Intelligent Automation & Soft Computing

Classification Similarity Network Model for Image Fusion Using Resnet50 and GoogLeNet

P. Siva Satya Sreedhar1,* and N. Nandhagopal2

1Faculty of Information and Communication Engineering, Anna University, Chennai, 600025, India
2Department of Electronics and Communication Engineering, Excel Engineering College, Namakkal, 637303, India
*Corresponding Author: P. Siva Satya Sreedhar. Email: sivasatyasreedhar@gmail.com
Received: 13 June 2021; Accepted: 14 July 2021

Abstract: The current trend in Image Fusion (IF) algorithms concentrate on the fusion process alone. However, pay less attention to critical issues such as the similarity between the two input images, features that participate in the Image Fusion. This paper addresses these two issues by deliberately attempting a new Image Fusion framework with Convolutional Neural Network (CNN). CNN has features like pre-training and similarity score, but functionalities are limited. A CNN model with classification prediction and similarity estimation are introduced as Classification Similarity Networks (CSN) to address these issues. ResNet50 and GoogLeNet are modified as the classification branches of CSN v1, CSN v2, respectively, to reduce feature dimensions. IF rules depend on the input dataset to fusion the extracted features. The output of the fusion process is fed into CSN v3 to improve the output image quality. The proposed CSN model is pre-trained and Fully Convolutional. At the time of IF, consider the similarities between the input images. This model applies to Multi-Focus, Multi-Modal Medical, Infrared-Visual and Multi-Exposure image datasets, and analyzed outcomes. The suggested model shows a significant improvement than the modern IF algorithms.

Keywords: Image fusion; CNN; CSN; GoogLeNet; ResNet50

1  Introduction

Digital Image Processing (DIP) transforms an image into digital form by doing some operations to get an enhanced image or extract features [1]. In an image processing system, signals are two-dimensional, and signal processing techniques are applied [2]. For Image Enhancement, Image Fusion techniques are convenient. However, image Enhancement is subjective, i.e., only required features are to be enhanced. As a result, unnecessary information may be padding to the image. Therefore, most researchers concentrate on enhancing the image and overlooking Image Restoration, which is objective [3].

The Image Fusion (IF) objective is to obtain the critical features from several input images and merge these features as one integrated image. Any IF model's outcome depends on the input image type, how these input images are processed, and the fusion rules applied [4]. IF perform operations at the pixel level. As a result, IF gives better results when compared to any other image enhancement technique. The quality of any IF technique depends on how features are extracting from input images and finding the similarity between the two input images. The proposed model mainly focus on these two factors while performing the pixel level fusion. IF has grown into our everyday lives. It has a significant role in Health Care, Agriculture, Disaster Management, Mobile Applications, and Remote Sensing. IF algorithms can be listed as two groups, i.e., spatial and transform domain algorithms. Machine Learning (ML) algorithms can process vast volumes of data and train the models [5]. Scholars have used these techniques in their research areas. Deep Learning (DL) is widely used in recent years to model the complicated relationship between data and features extracted from the inputs. DL techniques such as Convolutional Neural Network (CNN), Adversarial Network (AN) produce optimal results when compared to traditional Image Fusion techniques [6]. CNN models are more specific to the type of input image [7]. The main aim is to develop a CNN based IF model that can fuse most input image types without changing the framework.

2  Related Work

DL Models introduced CNN, which leads to a revolution in IF methods [8]. Ma et al. [9] applied CNN on Multi-Focus pictures.

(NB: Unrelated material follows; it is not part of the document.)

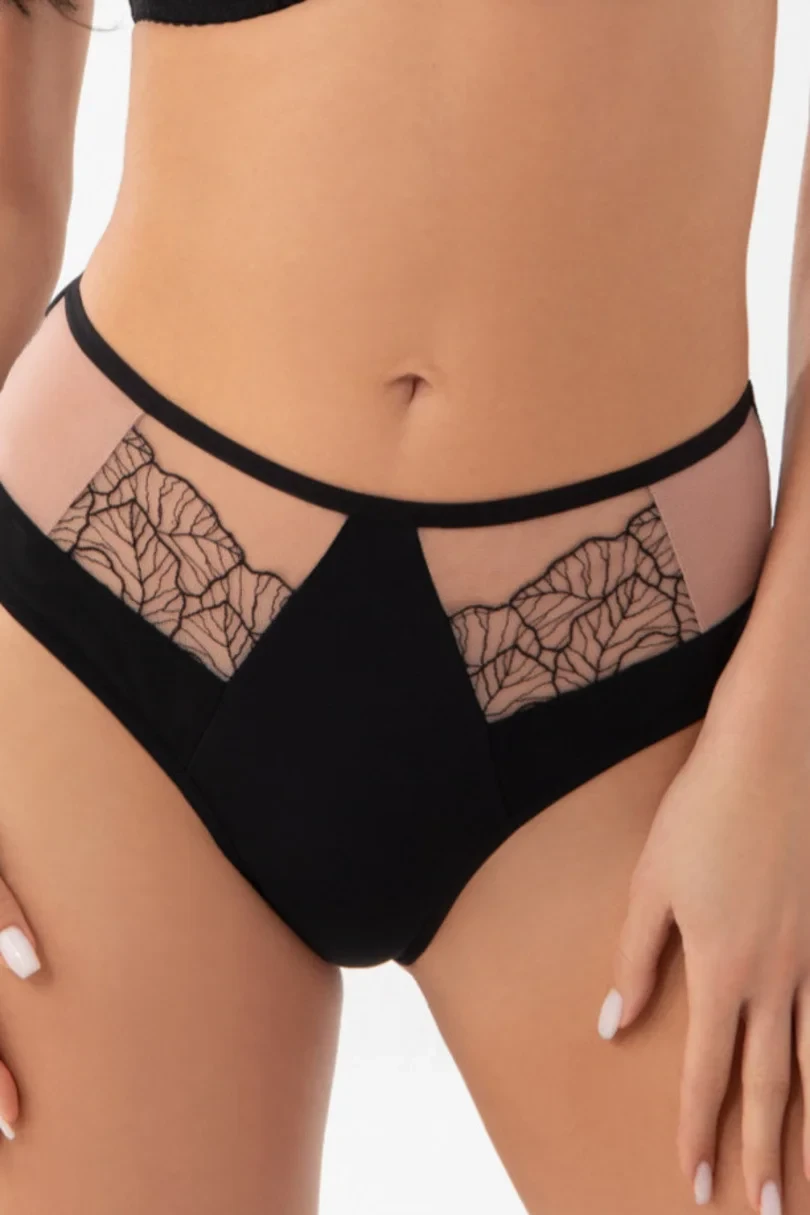 Jsou vyrobeny z mikrovlákna v kombinaci s elastickým tylem a výšivkou podšitou stabilním tylem. Zadní část je kombinací černého a průhledného tylu a vytváří efektní tvar. Zadní část z elastického tylu je hladce zakončena, takže kalhotky nejsou vidět pod oblečením. Bavlněný rozkrok.

Liu Treated Multi-Focus IF as a classification job, and CNN is used for forecast the Focus Map (FM). DenseNet is used to improve the quality of the output image [10]. These two models post-processed the FM and recreated the fused images based on the refined Focus Maps. Vanmali et al. [11] addressed the thermal radiation problem in an Infrared–Visible (I-V) IF with a Hybrid Image Filtering technique derived from the Divide-and-Conquer strategy. Feng et al. [12] use Fully Convolutional Network (FCN) for fusing I-V pictures by applying “Local Non-Subsampled Shearlet Transform (LNSST)” and Average Gradient (AVG) as fusion rule and got the High-Quality visuals, objective assessments. Laplacian Pyramid (LP) and Max-Absolute as fusion rule to fuse I-V images [13]. They got the best results for some open-access datasets. Yin et al. [14] reformulate the Deep Neural Network (DNN) layers as Learning Residual (LeRU) functions and got the optimum image registration results. To fuse the Spatiotemporal Satellite Images, two CNN’s are used [15]. These CNN are used to generate the Super-Resolution (S-R) pictures from the Low-Resolution (L-R) Landsat images. Feature extraction and weights are necessary to renovate the fused image. IF algorithms play a critical role in the detection of cancer genes [16]. Reddy et al. [17] explained the need for IF in real life. Sreedhar et al. [18] developed an embedded approach for Image Registration, Hyperspectral (HS) and Multispectral (MS) Image Fusion. They got optimum results compared to previous results but did not pay more attention to Image Registration. However, there is a space where a researcher can work on the issues.

3  Proposed Method

CNN have a modest pre-processing than other image classification algorithms. A CNN has an Input Layer (IL), number of Hidden Layers (HL) followed by an Output Layer (OL). These hidden layers of a CNN have several Convolutional layers (CLs) that convolve with dot product or multiplication. The ReLU layer acts as an activation function. Next, extra CL like Pooling Layers (PL) and Normalization Layers (NL) are present. Some pre-trained CNN’s are available, but their training objective is different from image retrieval testing. The pre-trained CNNs ignore the similarities between the two images. As a result, the features learned for classification is not suitable for retrieval. CNN's also integrate similarity learning features. Throughout the training process, the training procedure needs to know whether the same class images are of the same class but do not care about their classes. Similarity Learning (SL) and Class Membership CM) prediction are complement to each other. By merging these two will generates additional features. In this paper, a new CNN model has proposed classification prediction and Similarity Estimation, known as Classification Similarity Network (CSN).

For Classification Branches (CB) of two CSNs, GoogLeNet and ResNet50 are changed. The outcome is to cut the dimension of Feature Vector, speedup retrieval. Total 5 FC layers are present between ResNet50 last PL and the Output Layer and treated as CSN v1. Fig. 1 shows CSN v1.


Figure 1: Classification branch architecture of CSN v1

Four Fully Connected (FC) Layers are present in between GoogLeNet Last PL and the Output Layer as shown in Fig. 2 and treated as CSN v2. CSN v3 designed the same as CSN v1. The objective of converting CNN into CSN is to diminish the dimensionality of the feature. At CSN v1, the feature dimension is 32, diminished from 2048. CSN v2 diminishes the feature dimension from 1024 to 32.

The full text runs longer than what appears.